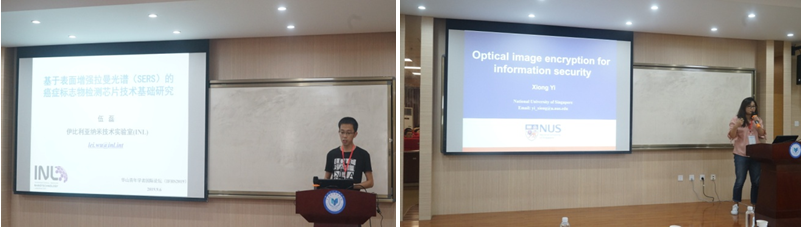 接着,伍磊博士做了题为《基于表面增强拉曼光谱的癌症标志物检测芯片技术基础研究》的学术报告,拉开本次论坛会的序幕,熊怡、施春林、李蓓、黄智勤、曹启晨、张建波、郑梅珍7位海外学者紧随其后逐次为公司师生做了精彩的学术报告,报告涉及图像加密、肿瘤治疗、数据分析等多个领域。
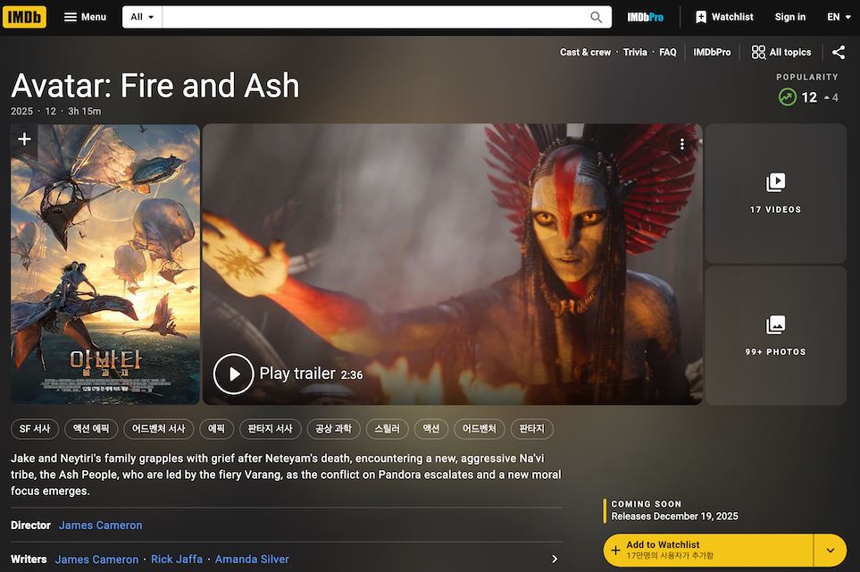 아바타3 쿠키영상 추가장면 없음
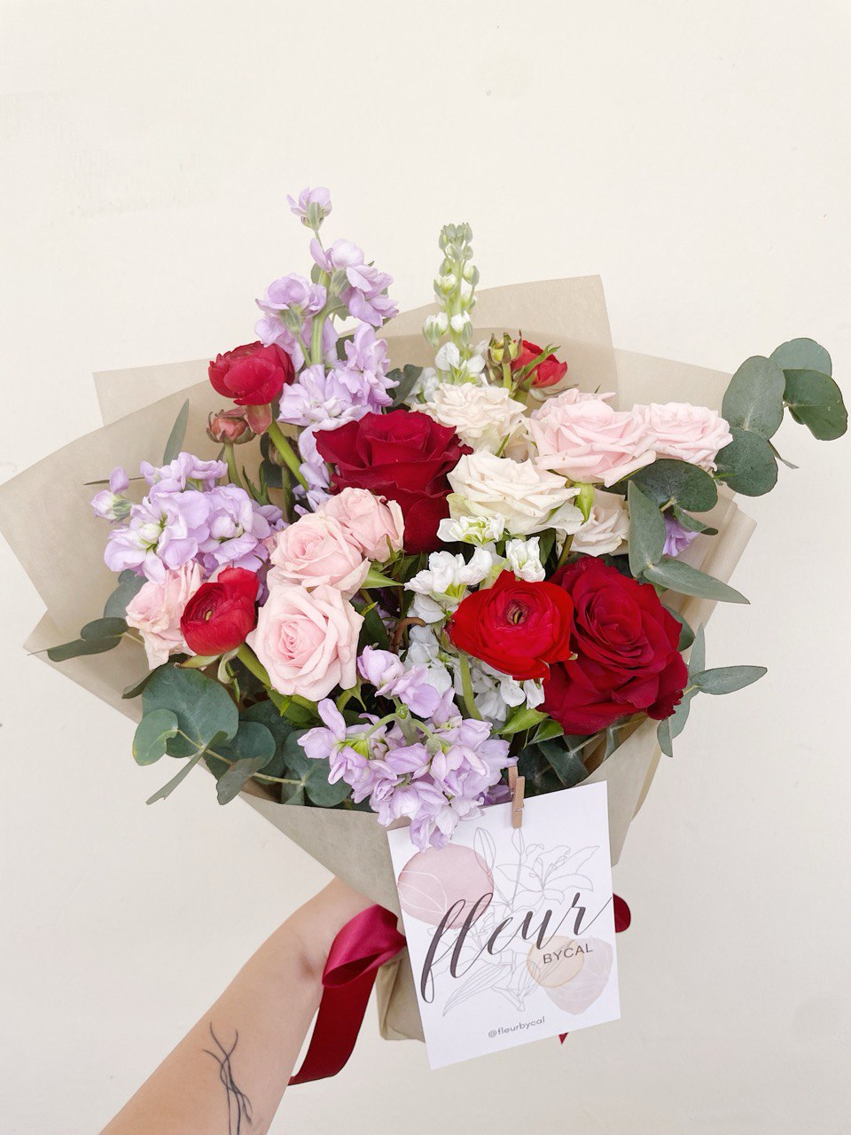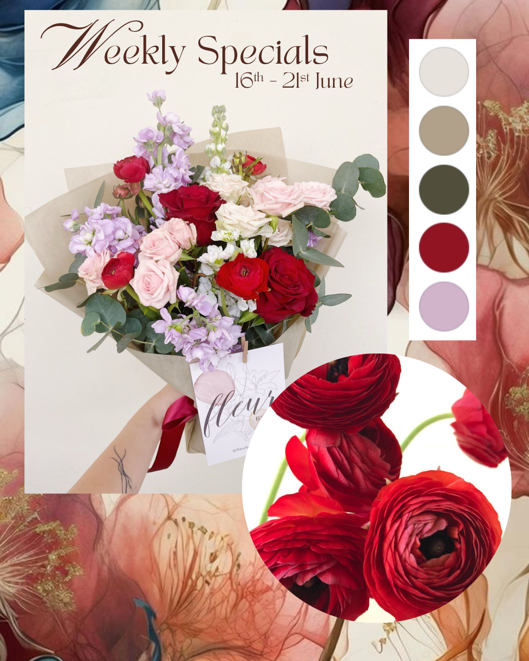 This week's specials features red kenyan roses, wine ranunclus, lilac matthiolas and cream spray roses.
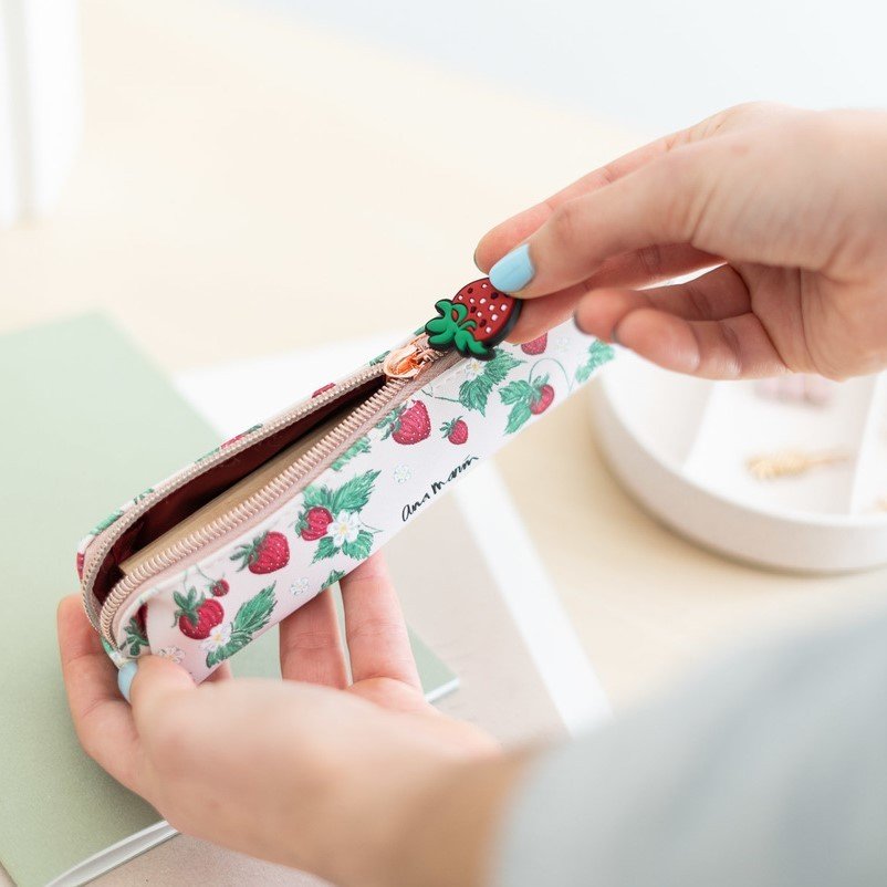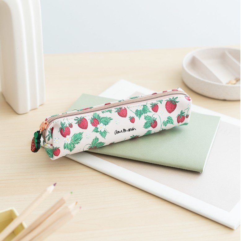 Este estuche de Ana Marín es el elemento perfecto para guardar tus lápices, bolígrafos y demás materiales. Cuenta con cierre superior de cremallera. El exterior está fabricado en poliuretano con diseño impreso en seda y el forro interior en poliéster.

· · · · · · ·

_TASK INSTRUCTIONS_:
Exactly repeat every line from the line that includes "This week's specials" to the end of the listing, and nothing else, leaving pictures out.

_RESPONSE BELOW_:
 This week's specials features red kenyan roses, wine ranunclus, lilac matthiolas and cream spray roses.
 Este estuche de Ana Marín es el elemento perfecto para guardar tus lápices, bolígrafos y demás materiales. Cuenta con cierre superior de cremallera. El exterior está fabricado en poliuretano con diseño impreso en seda y el forro interior en poliéster.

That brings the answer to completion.